| Requirement |
Beginning at the line that contains "Made in Italy" and finishing at the line that contains "张曼玉为好友庆生:戴珍珠项链好贵气小疯说时尚", output the data below exactly. Include both end lines and no pictures.

| Source data |
==========

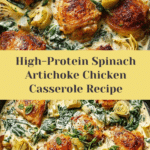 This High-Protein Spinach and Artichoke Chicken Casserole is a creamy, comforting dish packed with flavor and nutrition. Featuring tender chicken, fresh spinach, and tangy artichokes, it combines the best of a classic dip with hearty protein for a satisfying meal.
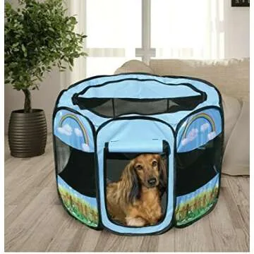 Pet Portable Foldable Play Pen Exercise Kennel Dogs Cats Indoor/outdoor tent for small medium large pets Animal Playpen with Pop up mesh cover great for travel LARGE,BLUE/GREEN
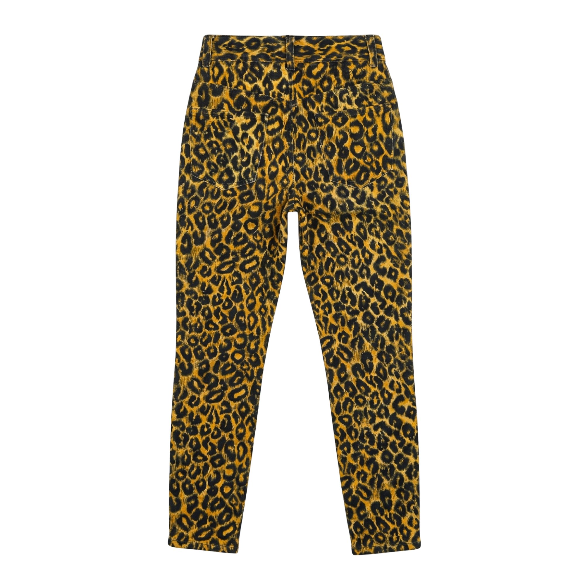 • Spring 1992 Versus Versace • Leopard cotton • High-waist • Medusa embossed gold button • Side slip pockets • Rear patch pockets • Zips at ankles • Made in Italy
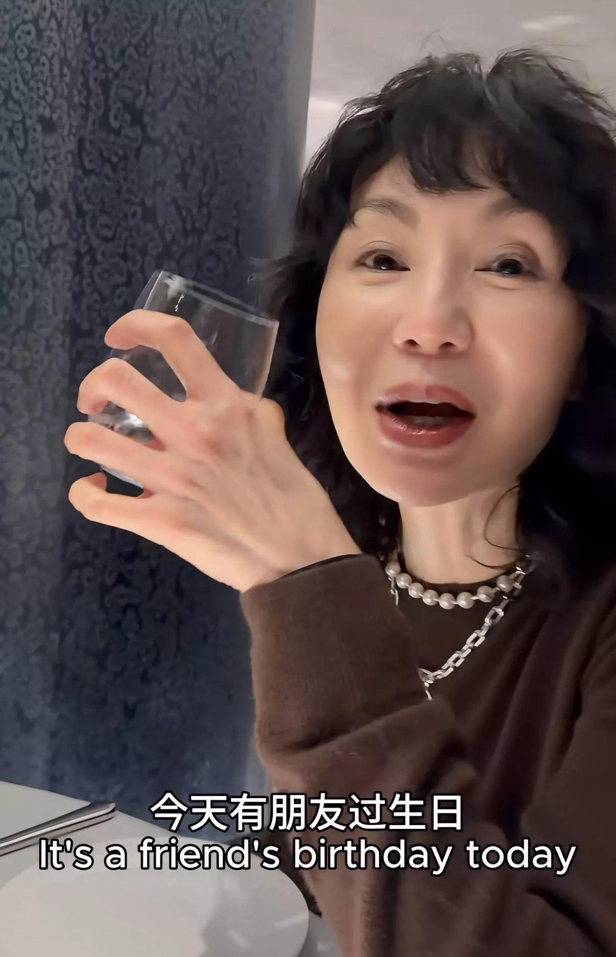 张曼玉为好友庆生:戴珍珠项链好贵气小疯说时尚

==========

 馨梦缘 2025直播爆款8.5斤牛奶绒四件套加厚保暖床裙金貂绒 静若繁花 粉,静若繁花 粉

==========

| Answer space |
 • Spring 1992 Versus Versace • Leopard cotton • High-waist • Medusa embossed gold button • Side slip pockets • Rear patch pockets • Zips at ankles • Made in Italy
 张曼玉为好友庆生:戴珍珠项链好贵气小疯说时尚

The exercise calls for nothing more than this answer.